## Exercise details:
Beginning with the first line, return the material verbatim and without pictures.

## Given data:
-------

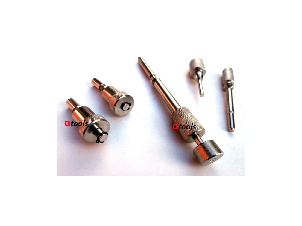 Sada obsahuje kolíky pro nastavení vačkové a klikové hřídele a aretační kolík napínáku.
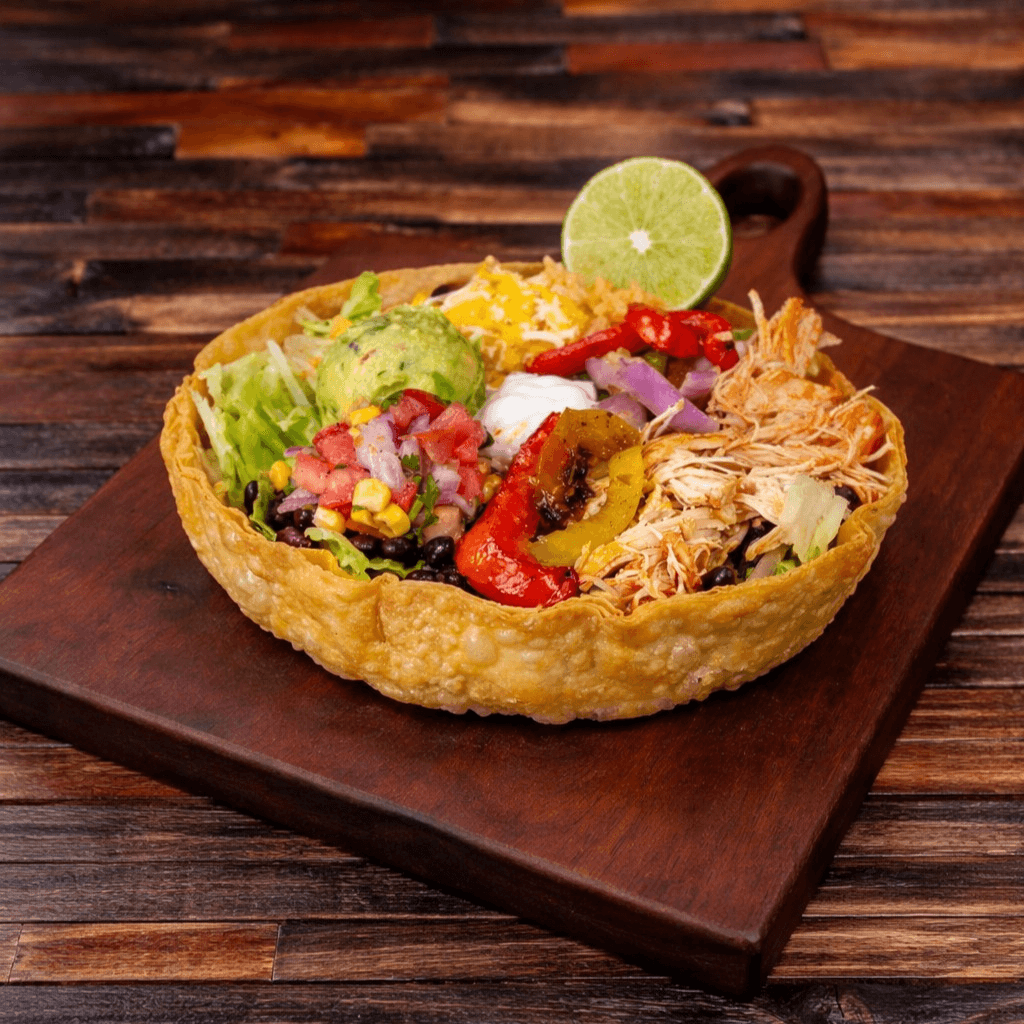 Choice of protein, rice, black beans, grilled fajita veggies, pico De gallo, fresh guacamole and lettuce.
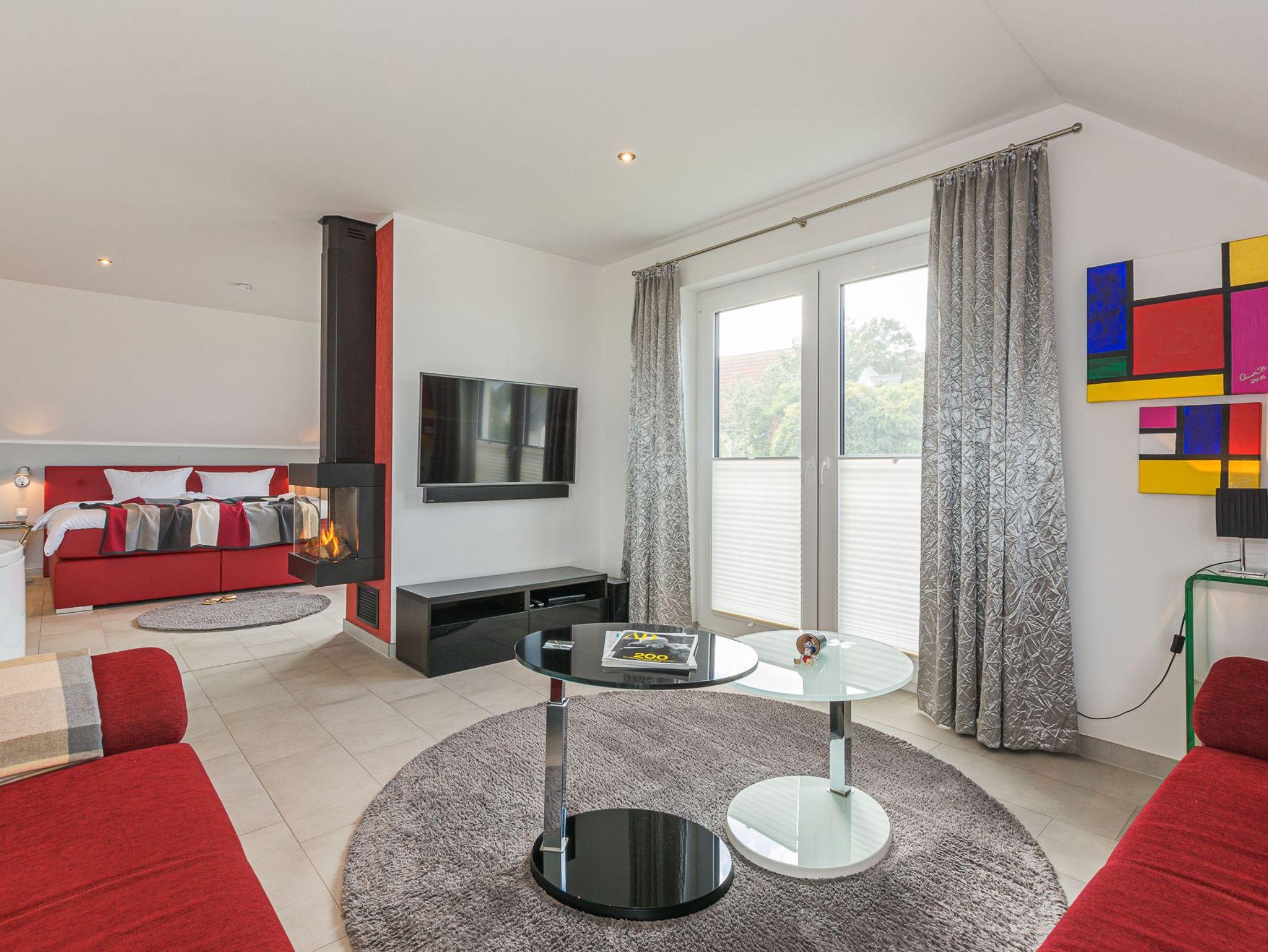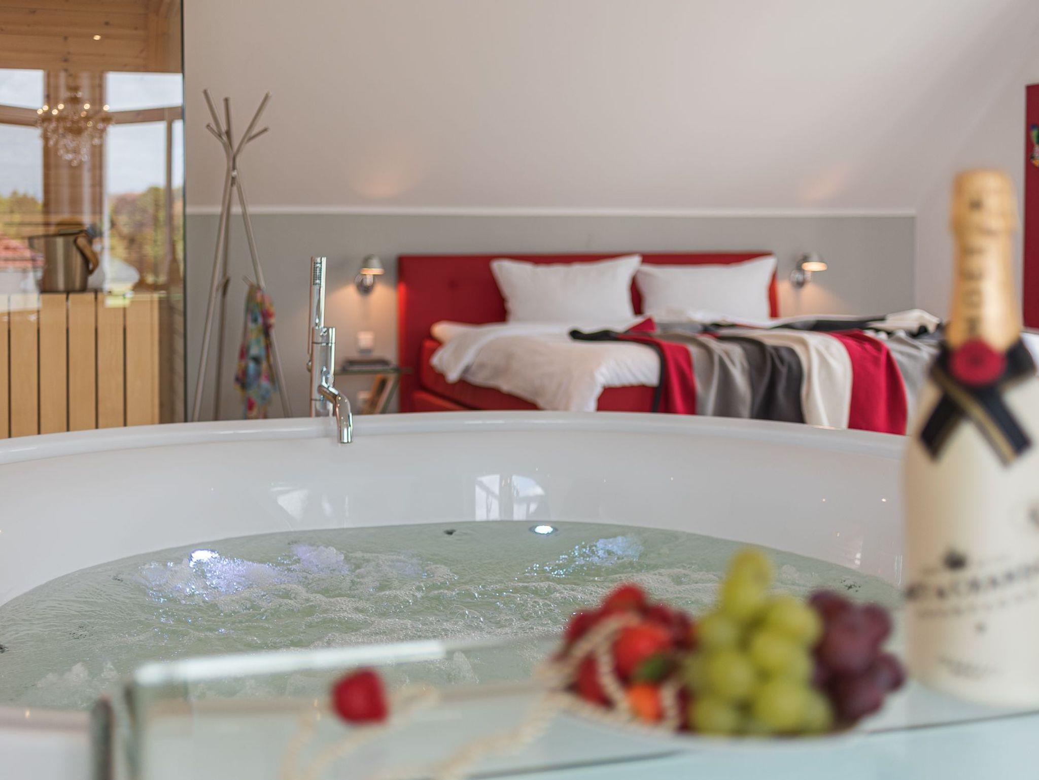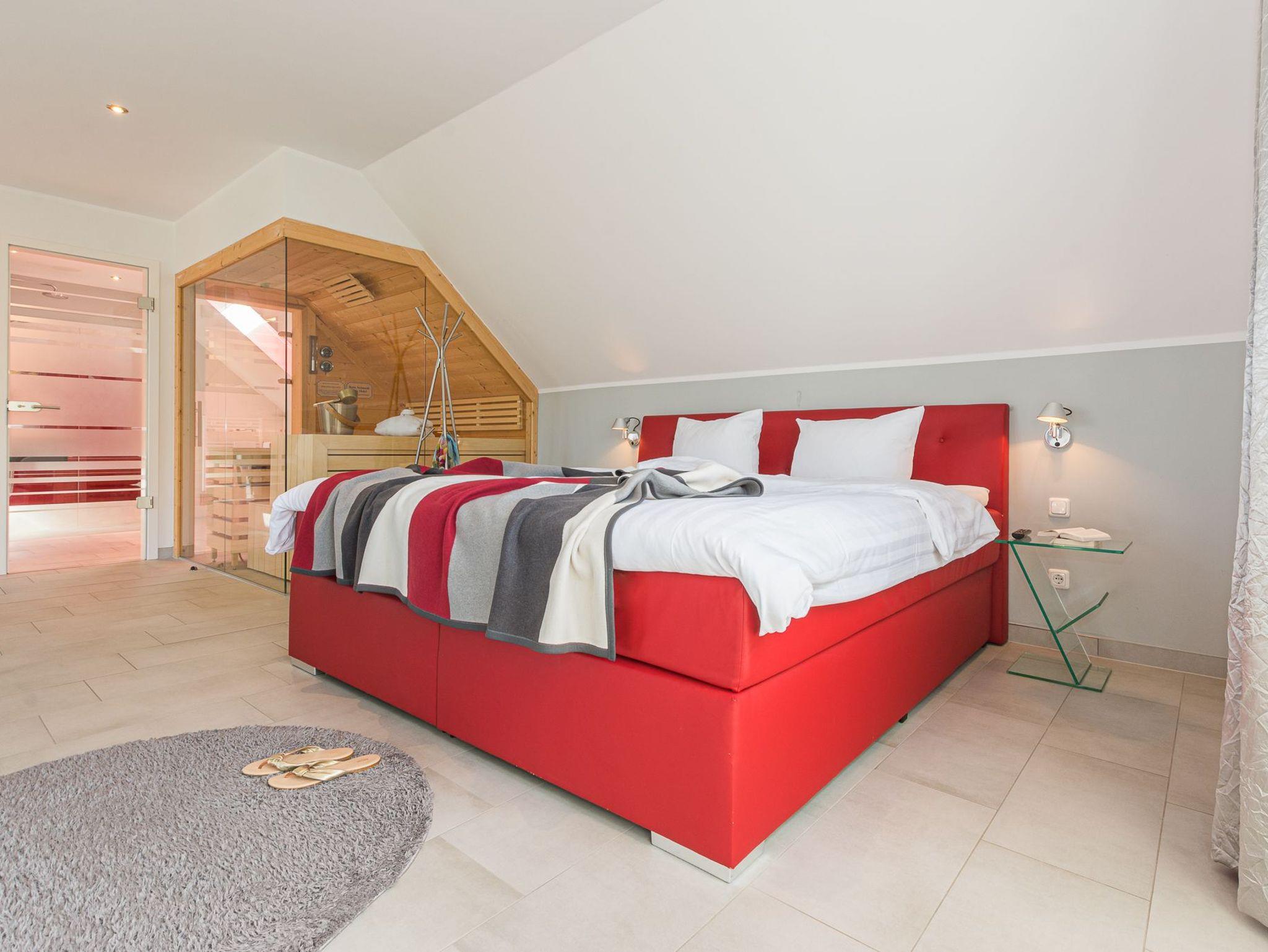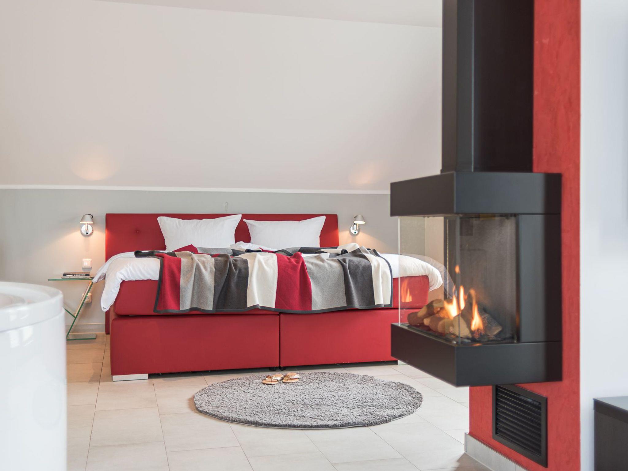Mit großzügigen 78 m² Wohnfläche bietet diese Suite einen Rückzugsort. Der offene Schlafbereich schafft eine romantische Atmosphäre. Der offene Wohn- und Essbereich mit einem gemütlichen Gas-Kamin bietet Ihnen eine behagliche Umgebung, um entspannte Stunden zu verbringen. Die Küche ermöglicht es Ihnen, Ihre kulinarischen Vorlieben auszuleben und sich gegenseitig zu verwöhnen. Das moderne Badezimmer bietet ein absolutes Highlight mit der vollverglasten Sauna, die Ihnen pure Entspannung und Erholung bietet. Der Indoor-Whirlpool mit LED-Beleuchtung verspricht romantische Momente und verwöhnt Sie. Hier können Sie gemeinsam entspannen und die Zeit zu zweit in vollen Zügen genießen.

-------

## Result of the task:
 Sada obsahuje kolíky pro nastavení vačkové a klikové hřídele a aretační kolík napínáku.
 Choice of protein, rice, black beans, grilled fajita veggies, pico De gallo, fresh guacamole and lettuce.
Mit großzügigen 78 m² Wohnfläche bietet diese Suite einen Rückzugsort. Der offene Schlafbereich schafft eine romantische Atmosphäre. Der offene Wohn- und Essbereich mit einem gemütlichen Gas-Kamin bietet Ihnen eine behagliche Umgebung, um entspannte Stunden zu verbringen. Die Küche ermöglicht es Ihnen, Ihre kulinarischen Vorlieben auszuleben und sich gegenseitig zu verwöhnen. Das moderne Badezimmer bietet ein absolutes Highlight mit der vollverglasten Sauna, die Ihnen pure Entspannung und Erholung bietet. Der Indoor-Whirlpool mit LED-Beleuchtung verspricht romantische Momente und verwöhnt Sie. Hier können Sie gemeinsam entspannen und die Zeit zu zweit in vollen Zügen genießen.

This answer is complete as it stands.